Gabriel Rolón trae a la ciudad su gira despedida de Palabra plena: “Esta obra me enseñó a sentir el escenario como un hogar”
Tras superar las 500 funciones en todo el país, Gabriel Rolón llega a Mar del Plata en el marco de la gira despedida de Palabra plena, la obra que transformó su relación con el escenario. En diálogo con El Escribiente de 0223, el psicoanalista reflexiona sobre la exigencia de las tres funciones diarias, el desafío de abordar temas duros como el trauma y el duelo, la decisión de retirar su propuesta más aclamada en pleno éxito y el valor de la renuncia hecha con amor. La cita será este sábado 1 de agosto en el teatro de la calle San Luis 1750.
Sostener una obra durante años implica prestarle la voz y el cuerpo a una idea noche tras noche, por eso, solo se despide de verdad quien sabe exactamente lo que ha construido. A veces, la forma más alta de amor consiste en saber retirarse, en ceder el espacio para que otra cosa pueda florecer. Al final, el duelo solo se supera cuando dejamos de lamentar lo que nos falta y aprendemos a alegrarnos, sinceramente, porque alguna vez existió.

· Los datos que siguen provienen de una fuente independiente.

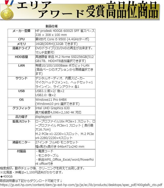 | 送 料 | ◆本州・四国・九州内各都府県は送料無料! 北海道/沖縄は送料1100円 ※ パーツ等小型商品は出荷から到着まで1~2日程度かかります。 ・PC・モニタ等の配送は、日本郵便 ゆうパック便でお届けいたします。 ・パーツ等はポスト投函便にてお送りします。 ■来訪での引取も可能です。 |
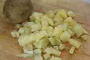 2. Картофель порезать маленькими кубиками.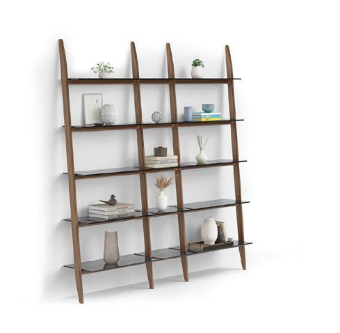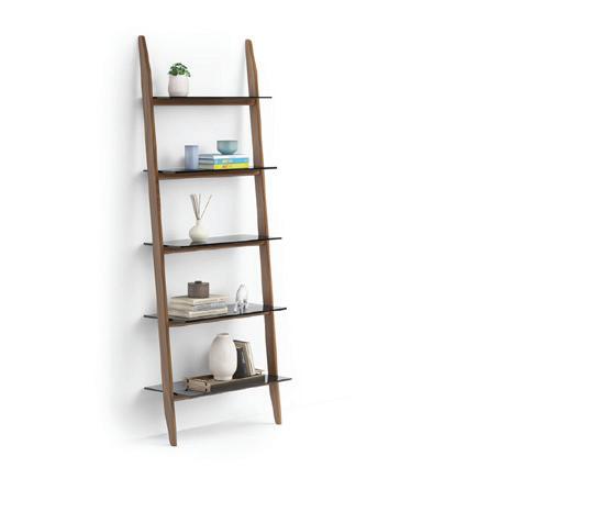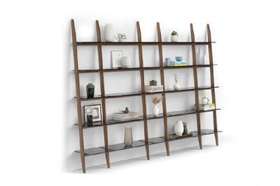 With its clean look and strong architectural lines, Stiletto adds dramatic contrast to any wall. Alone or combined to create a complete wall system, Stiletto can be used to fill spaces of any size. Featuring hardwood construction and tempered grey-tinted glass shelves, this unique ladder shelf system provides a sturdy foundation for a host of books and collectibles. Choose an individual shelf, a preconfigured system, or customize the perfect Stiletto solution by adding extension shelves as needed.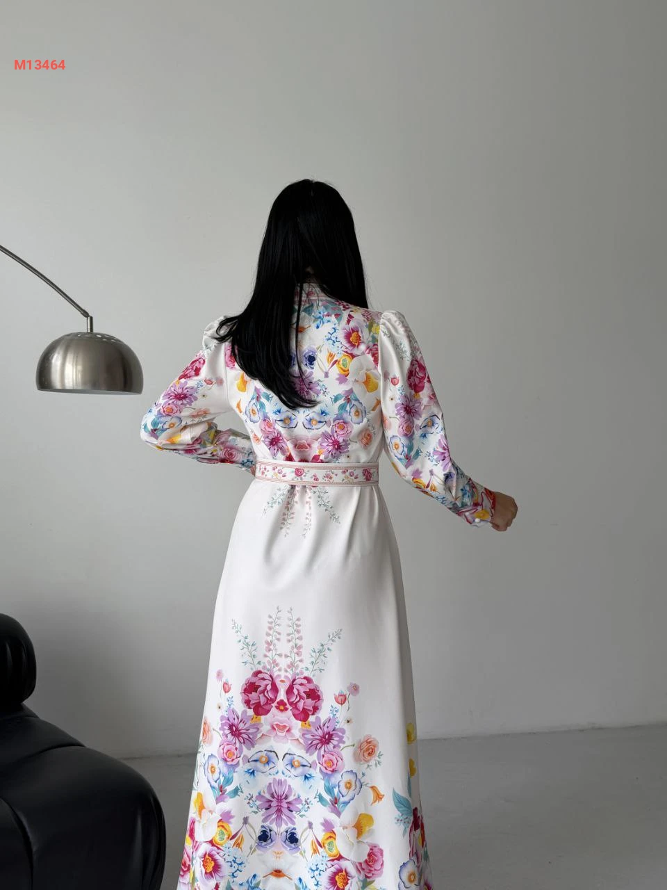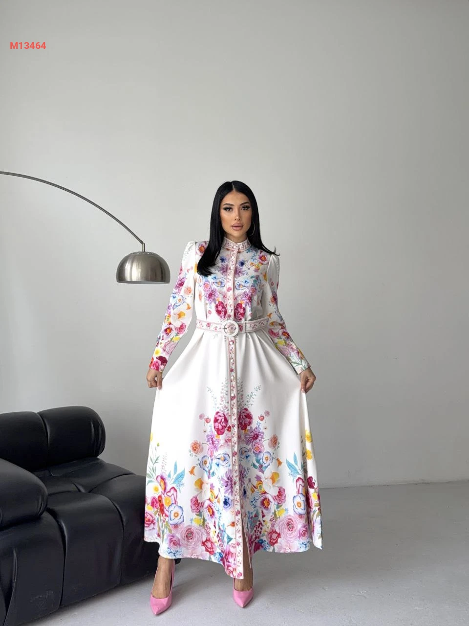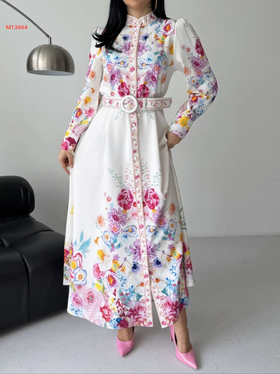 فستان طويل منقوش ورد بأزرار

Este es el caso de la propuesta teatral que encabeza Gabriel Rolón: Palabra plena. Aunque no es la primera vez que la pieza se presenta en la ciudad, esta función tiene una característica especial: se da en el marco de su gira despedida tras años de recorrer el país con un masivo acompañamiento del público.
En diálogo con 0223, Rolón reflexiona sobre el fenómeno: “La obra fue encontrando un lugar en el tiempo y siempre funcionó muy bien, aunque en el último año han ocurrido cosas muy fuertes. Realizar tres funciones en un mismo día resulta sumamente exigente, de hecho, hacer dos ya suele ser lo habitual. Mientras que en una función normal uno termina y evalúa el resultado, Palabra plena nos ha malacostumbrado a un dinamismo que exige un esfuerzo enorme. Hacer tres funciones implica empezar a las cuatro de la tarde, subir al escenario y bajarse a medianoche, algo realmente fuerte”.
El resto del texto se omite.